I would expect to lose the object in CURRENT
after running git gc --prune=all
. Yet, I can still run git show
on that hash.
I do understand that after running git reset
and adding new commits, I have essentially created a new branch. But my original branch no longer has any reference, so it does not show up in git log --all
. It also would not be pushed to any remote I suppose.
My understanding of git gc
was that is removes those objects. This does not seem to be the case.
Why? And when exactly does git gc
remove objects?
For an object to be pruned, it must meet two criteria. One is date/time related: it must have been created1 long enough ago to be ripe for collection. The "long enough ago" part is what you are setting with --prune=all
: you're overriding the normal "at least two weeks old" setting.
The second criterion is where your experiment is going wrong. To be pruned, the object must also be unreachable. As twalberg noted in a comment, each of your ostensibly-abandoned commits (and hence their corresponding trees and blobs) is actually referenced, through Git's "reflog" entries.
There are two reflog entries for each such commit: one for HEAD
, and one for the branch name to which HEAD
itself referred at the time the commit was made (in this case, the reflog for refs/heads/master
, i.e., branch master
). Each reflog entry has its own time-stamp, and git gc
also expires reflog entries for you, although with a more complex set of rules than the simple "14 days" default for object expiry.2
Hence, git gc
could first delete all reflog entries that are keeping the old object around, then prune the object. It just is not happening here.
To view, or even delete, reflog entries manually, use git reflog
. Note that git reflog
displays entries by running git log
with the -g
/ --walk-reflogs
option (plus some additional display formatting options). You can run git reflog --all --expire=all
to clear everything out, though this is a bludgeon when a scalpel may be more appropriate. Use --expire-unreachable
for a bit more selectivity. For more about this, see the git log
documentation and of course the git reflog
documentation.
1Some Unix-y file systems do not store file creation ("birth") time at all: the st_ctime
field of a stat
structure is the inode change time, not the creation time. If there is a creation time, it is in st_birthtime
or st_birthtimespec
.3 However, every Git object is read-only, so the file's creation time is also its modification time. Hence st_mtime
, which is always available, gives the creation time for the object.
2The exact rules are described in the git gc
documentation, but I think By default, 30 days for unreachable commits and 90 days for reachable commits is a decent summary. The definition of reachable here is unusual, though: it means reachable from the current value of the reference for which this reflog holds old values.
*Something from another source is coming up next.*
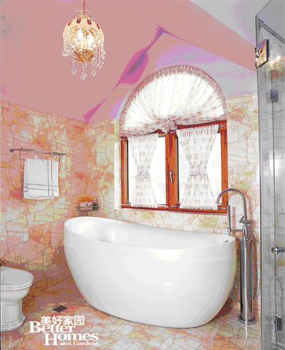 女孩房的衛(wèi)浴間:淺紫色的屋頂相比白色更有柔美感,褶皺的紗簾也別具小女生情調(diào)。獨(dú)立浴缸看起來有漂浮感,頗具裝飾性,讓其成為注意力的焦點(diǎn),可掩飾衛(wèi)浴間過大帶來的視覺空曠感。

That is, if we're looking at the reflog for master
, we find the commit that master
identifies (e.g., 1234567
), then see if each reflog entry for master
(e.g., master@{27}
) is reachable from that particular commit (1234567
again).
3This particular name confusion is brought to you by the POSIX standardization folks. :-) The st_birthtimespec
field is a struct timespec
, which records both seconds and nanoseconds.